Feature Engineering in Python for Data Science & Machine Learning
Introduction
Feature engineering is a crucial step in the machine learning pipeline. It involves using domain knowledge of the data to create new features or transform existing ones to improve the performance of machine learning models. This process can significantly impact a model's accuracy, interpretability, and generalization capabilities.
In this guide, we'll explore various techniques for feature engineering using Python's powerful data science libraries, including Pandas, NumPy, and Scikit-learn.
Table of Contents
1. Handling Missing Data
Missing values can cause issues for many machine learning algorithms. Common strategies include imputation.
Imputation
Replacing missing values with a statistical estimate, such as the mean, median, or mode.
import pandas as pd
from sklearn.impute import SimpleImputer
# Load your data
df = pd.read_csv('your_data.csv')
# Impute missing numerical values with the mean
imputer_mean = SimpleImputer(strategy='mean')
df[['numerical_column']] = imputer_mean.fit_transform(df[['numerical_column']])
# Impute missing categorical values with the most frequent
imputer_mode = SimpleImputer(strategy='most_frequent')
df[['categorical_column']] = imputer_mode.fit_transform(df[['categorical_column']])
2. Categorical Encoding
Machine learning models typically require numerical input. Categorical features need to be converted into a numerical format.
One-Hot Encoding
Creates binary columns for each category.

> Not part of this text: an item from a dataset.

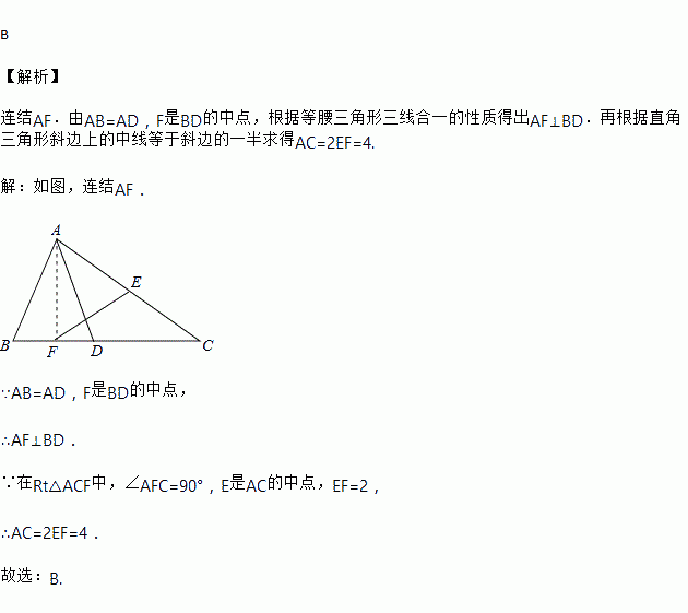如图,在△ABC中,D是BC上一点,AB=AD,E,F分别是AC,BD的中点,EF=2,则AC的长是( )

from sklearn.preprocessing import OneHotEncoder
import pandas as pd
# Assuming df['categorical_column'] contains strings
encoder = OneHotEncoder(handle_unknown='ignore', sparse_output=False)

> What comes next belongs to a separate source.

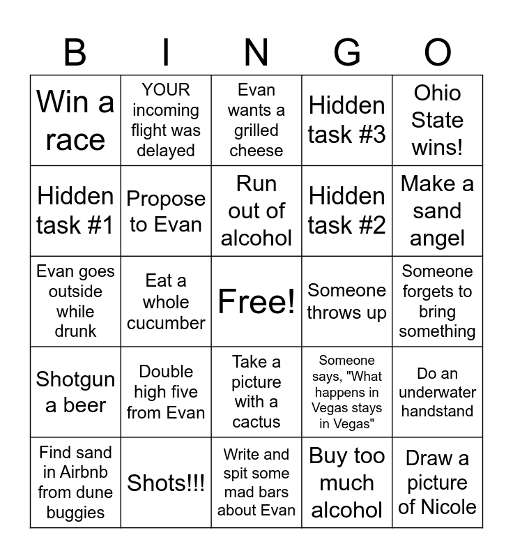This bingo card has a free space and 24 words: Double high five from Evan, Shots!!!, Run out of alcohol, Find sand in Airbnb from dune buggies, Ohio State wins!, Win a race, Hidden task #1, YOUR incoming flight was delayed, Someone throws up, Take a picture with a cactus, Hidden task #2, Evan goes outside while drunk, Someone says, "What happens in Vegas stays in Vegas", Do an underwater handstand, Propose to Evan, Buy too much alcohol, Someone forgets to bring something, Evan wants a grilled cheese, Make a sand angel, Eat a whole cucumber, Draw a picture of Nicole, Shotgun a beer, Hidden task #3 and Write and spit some mad bars about Evan.

encoded_features = encoder.fit_transform(df[['categorical_column']])
encoded_df = pd.DataFrame(encoded_features, columns=encoder.get_feature_names_out(['categorical_column']))
df = pd.concat([df.drop('categorical_column', axis=1), encoded_df], axis=1)
Label Encoding
Assigns a unique integer to each category. Suitable for ordinal categories or tree-based models.
from sklearn.preprocessing import LabelEncoder
import pandas as pd
# Assuming df['ordinal_column'] contains ordered categories
le = LabelEncoder()
df['ordinal_column_encoded'] = le.fit_transform(df['ordinal_column'])
3. Numerical Transformations
Transforming numerical features can help models by making distributions more Gaussian-like or reducing skewness.
Log Transformation
Useful for highly skewed data.
import numpy as np
import pandas as pd
# Assuming df['skewed_column'] has positive values
df['log_skewed'] = np.log1p(df['skewed_column']) # log1p adds 1 before taking log
Box-Cox Transformation
A more general power transformation that includes log transformation as a special case.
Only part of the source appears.